Boy scout host a camp

Journal 1/4/1974

P7 Boy Scouts first camp First aid, swimming and lifesaving, map reading, using a compass, knots and lashing, safe handling of ax, saw and knife — these basic skills were presented to 221 Majuro Boy Scouts and their leaders, in a five-day camp held over the New Year’s weekend on Majuro’s Ebaden Island. The camp was directed by Darrell Westover, a scout leader on Kwajalein, with the help of five scouts from Kwaj’s Troop 214, and Robin Johnson of the Boy Scouts Aloha Council in Honolulu. Support in Majuro was provided by a committee including Oscar deBrum, Jim Pualoa, Bob O’Connell, Kabua Kabua, Fr. Hacker and Jina Lavin.

Journal 3/3/1997

P1 Airport packed for arrival More than one thousand Majuro residents crowded the airport area Tuesday to watch the arrival of the US Air Force jet returning President Amata Kabua’s family and his remains to the Marshalls. The plane carrying the late President’s remains and family members is a former Air Force One that was used by Presidents Kennedy, Johnson, Nixon and Carter, and which also transported the remains of President Kennedy from Dallas to Washington, DC after the president was assassinated in 1963.

P1 US backs big loan The start of construction for Majuro’s new 12-megawatt power plant is just weeks away as the final hurdle has been leaped with completion of all environmental reviews. Marshalls Energy Company General Manager Billy Roberts said that finalization of the loan is waiting only for submission of agreements from MEC, which should be completed by next week. The US Rural Utility Service is backing the loan, which will be between $10.4 million and $12.5 million. “Instead of redoing all the lines from the power plant to Rita, we plan to put in underground lines from the power plant to the hospital and remove 40 percent of the electric load from the overhead lines,” said Roberts.

P3 Turning point: For Amata, it came in 1972 By Joe Murphy It is often expressed that human experience is peppered with turning points.
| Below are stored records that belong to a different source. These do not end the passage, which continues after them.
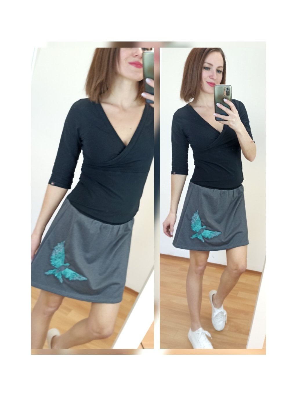 Šedá sukně do áčka se spodničkou, vlaštovka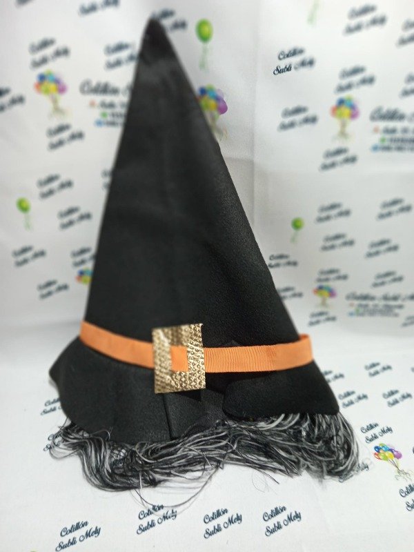 SOMBRERO DE BRUJA NEGRO CON CINTA NARANJA Y EBILLA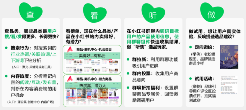 在小红书,要做个“听劝”商家。新品试用、用户调研、群聊投票,积极尝试多种互动方式带动初始用户群,并建立有效的“反馈-优化”循环机制,不断调整产品和营销策略,确保每一次互动都能提升用户体验。同时,在这一过程中努力深化品牌与用户之间的情感维系,培养忠实粉丝,形成良好的口碑效应。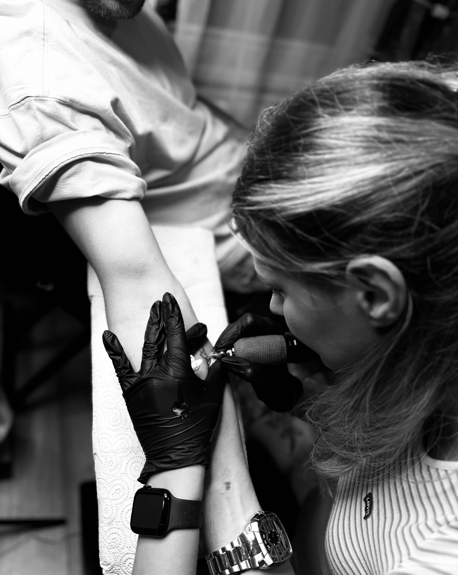 Our mission is to reflect creativity, individuality, and a passion for artistic beauty, transforming personal ideas and stories into unique tattoos. We are committed to providing expert guidance, top-quality artistry, and a professional and safe environment. Whether it’s a small fine line piece or a bold full sleeve, we ensure that each tattoo is crafted with care and perfection.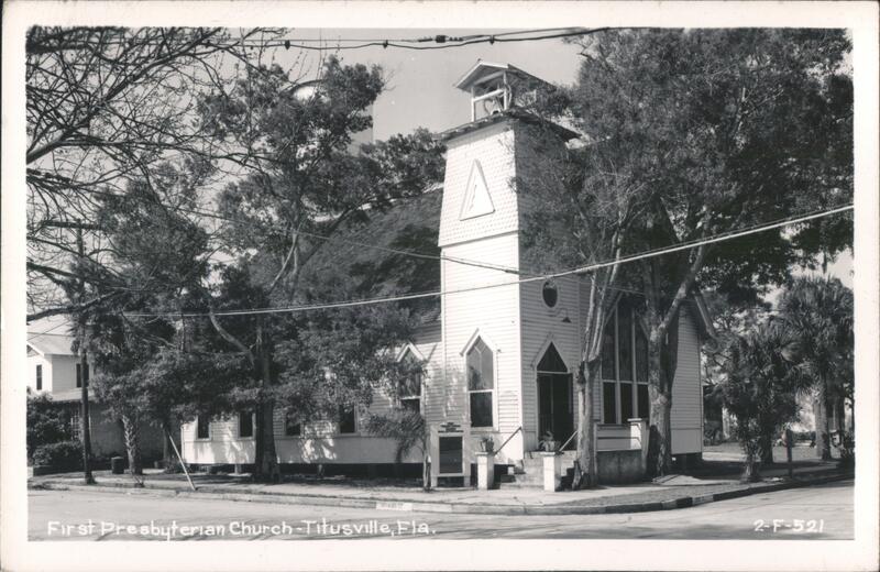 | A view of the First Presbyterian Church in Titusville, Florida. The church is a white, wooden structure with a tall, pointed roof and a small bell tower. The church has large windows and a set of stairs leading to the entrance. There are trees and power lines in front of the church. |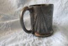 Has screw off cap with some cork left in it. I think it is Art Nouveau flowers on it but not sure.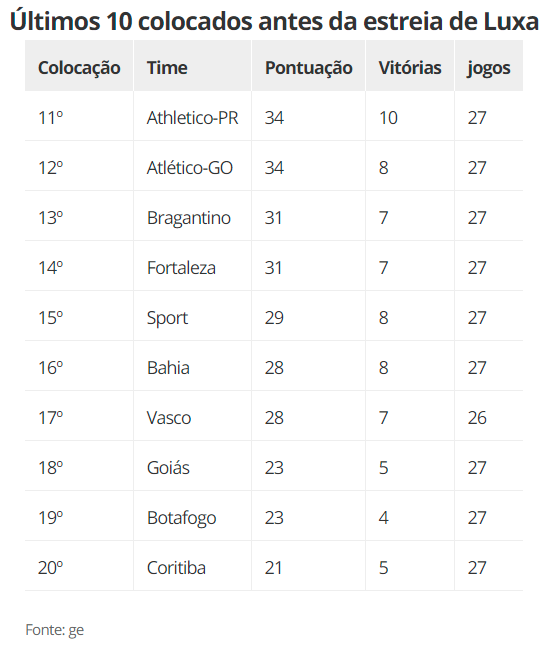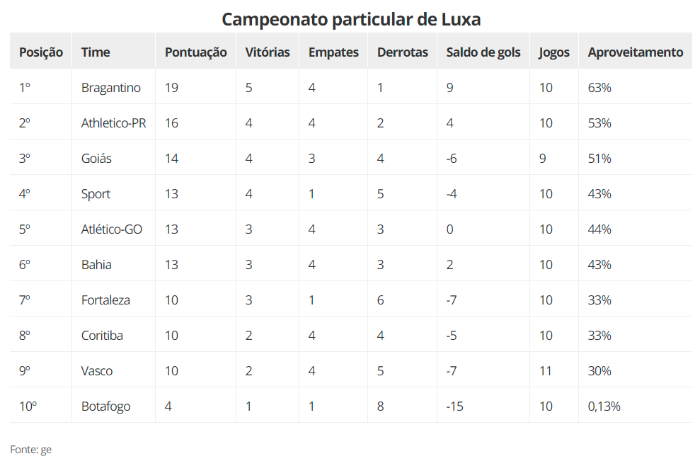 Na coletiva de apresentação, Luxa foi questionado sobre confrontos diretos, ou seja, duelos contra equipes da parte de baixo da tabela. Das 12 partidas, o Vasco enfrentaria sete equipes que estavam entre as dez últimas posições quando da estreia do treinador. O desempenho foi ruim: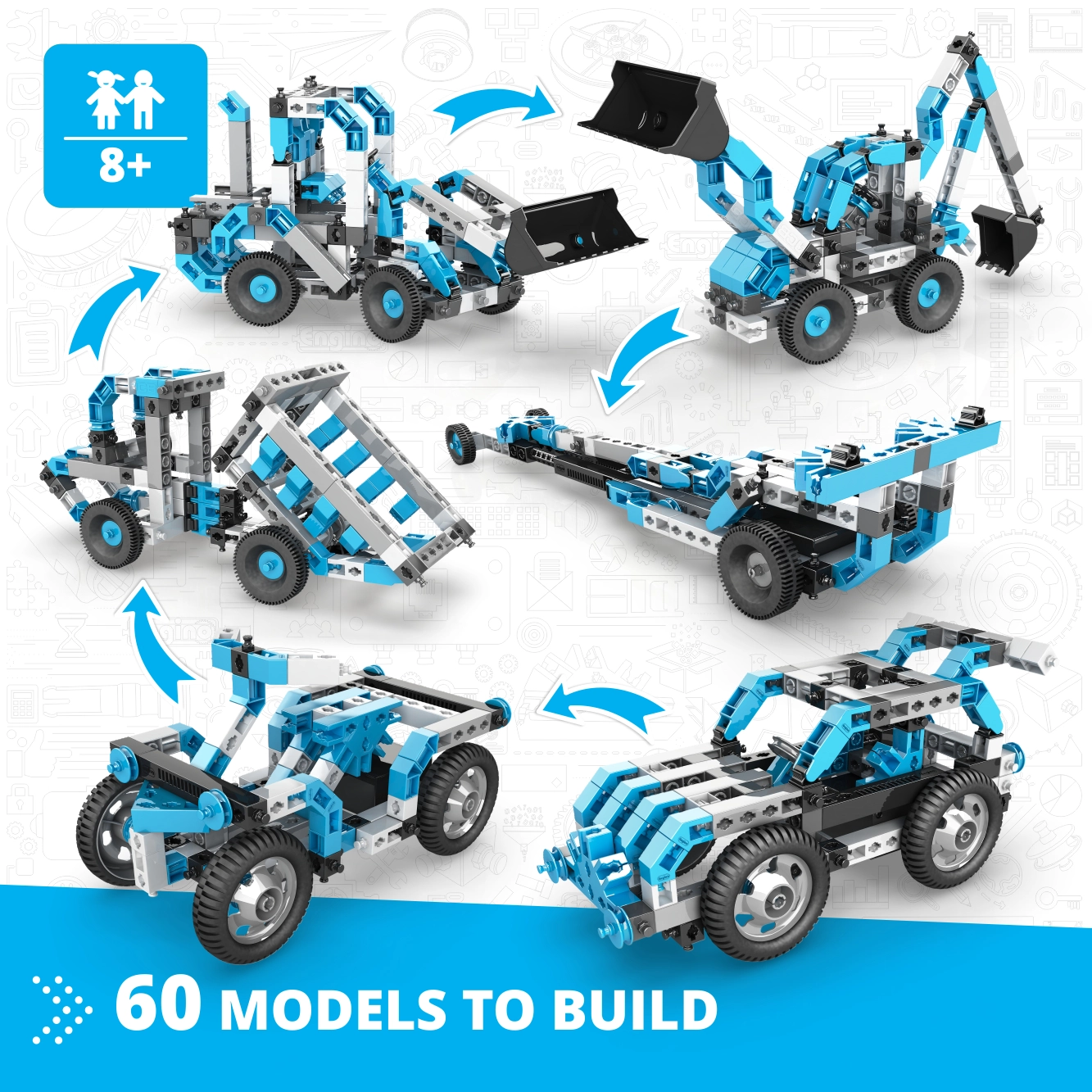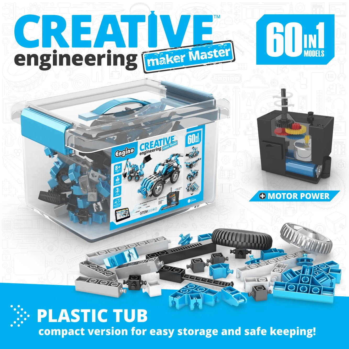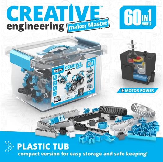 Byggesættet ENGINO Motorized Maker 60 i 1 er et ideelt valg til børn fra 8 år, der elsker teknik og kreativitet. Farvede vejledninger (delvist trykte, delvist online eller i den gratis 3D-app) guider dig gennem opbygningen af dusinvis af modeller. Delene klikkes nemt sammen, og hele sættet er opbevaret i en praktisk plastkuffert for nem transport og opbevaring.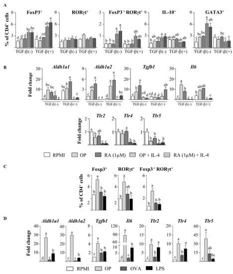 Since T cells are known to express TLRs, and thus they could react to OP, we next assessed the effects of OP on CD4+ T cells stimulated with anti-CD3 and anti-CD28 without the intermediation of DCs. In the absence of exogenous TGF-β, neither OP nor RA increased the expression of Foxp3, RORγt, or IL-10 in CD4+ T cells from naïve mice (Figure 5A), despite the fact that they did upregulate Aldh1a1, Aldh1a2, Tgfb1, and Il6 expression (Figure 5B) and increased ALDH activity, as measured by the ALDEFLUOR assay (Figure S3A). On the other hand, the expression of Tlr2, Tlr4, or Tlr5 was not enhanced (Figure 5B). Similar results were obtained when TGF-β was added to the culture (Figure 5A,B). However, when combined with IL-4, OP and RA significantly enriched the proportion of Foxp3+ cells and double-positive Foxp3+ RORγt+ cells, despite the proportion of RORγt+ cells remaining unchanged (Figure 5C). OP+IL-4 and RA+IL-4 also induced Th2 differentiation, as they significantly augmented IL-10+ and GATA3+ cells. Notably, in the presence of TGF-β, the generation of Foxp3+ cells was promoted, while that of Th2 cells was inhibited (Figure 5A). After 96 h of the culture of CD4+ T cells from naïve mice with OP+IL-4 or RA+IL-4, no upregulation of Aldh1a1, Aldh1a2, Tgfb1, or Il6 genes could be detected (Figure 5B). However, stimulation of CD4+ T cells in the presence of the ALDH inhibitor DEABovercame the enhancing effect of OP+IL-4 and RA+IL-4 on Foxp3 induction ( Figure S3B), thus showing the mediation of RA synthesis in Foxp3+ cell development.

For some, beset with tragedy, a commitment is made to mourn. A health scare or brush with death may trigger a new lifestyle. And the march of international events…can have a far-reaching effect on one’s life. It was thus for Amata Kabua who, to my mind, reached a pivotal turning point in the early months of 1972. It was during this period that he brought into focus the realization that the future of the Marshall Islands lay not in continued association with the other districts of Micronesia, but in seeking a separate accommodation for the future political status of his people. I remember saying to then Senator Kabua (I was at his home) that I thought he was kidding. He assured me he was serious. Subsequent events proved that. President Kabua managed to not only steward the Republic of the Marshall Islands into being, but for the first 17 years, set the course. His greatest legacy, I feel, is the considerable infrastructure…In many respects, the Marshall Islands have been modernized, its people have become sophisticated and the future, generally, holds great promise. The ultimate challenge will come in 2001 with termination of the current Compact. But to my mind, it was the turning point in 1972, the bold decision to separate from the entity “Micronesia” that set the course for the modern-day Marshall Islands. The decision of 1972 has come to define 2001. It was Amata Kabua’s decision.

Journal 1/4/2008

P1 Who will rule? All eyes will be on the Nitijela this Monday — an opening session that promises to be an historic event for the country and will, after weeks of political rhetoric and conflicting statements from the two main political parties, end the speculation about who will be the new RMI President. Unlike previous presidential elections, the outcome of this year’s vote is not a foregone conclusion. Not only is there still speculation about whether the RMI will have a UDP- or AKA-led government, Monday’s opening may also offer the possible additional drama of several competing candidates within at least one of the parties. The three possible scenarios that could play out: President Kessai Note will be returned for a third term; Speaker Litokwa Tomeing will be elevated to become the fourth President of the RMI; or a UDP-aligned candidate will get the vote of UDP members, independents and one or two currently AKA-aligned senators.

P8 1,000 ri-Majel leave in 2007? It looks like 2007 is going to be another strong year for out-migration of Marshallese to the United States. If trends from earlier this year hold up through December, 2007 will continue the pattern started in 2000 with an average of 1,000 Marshallese moving to the US annually.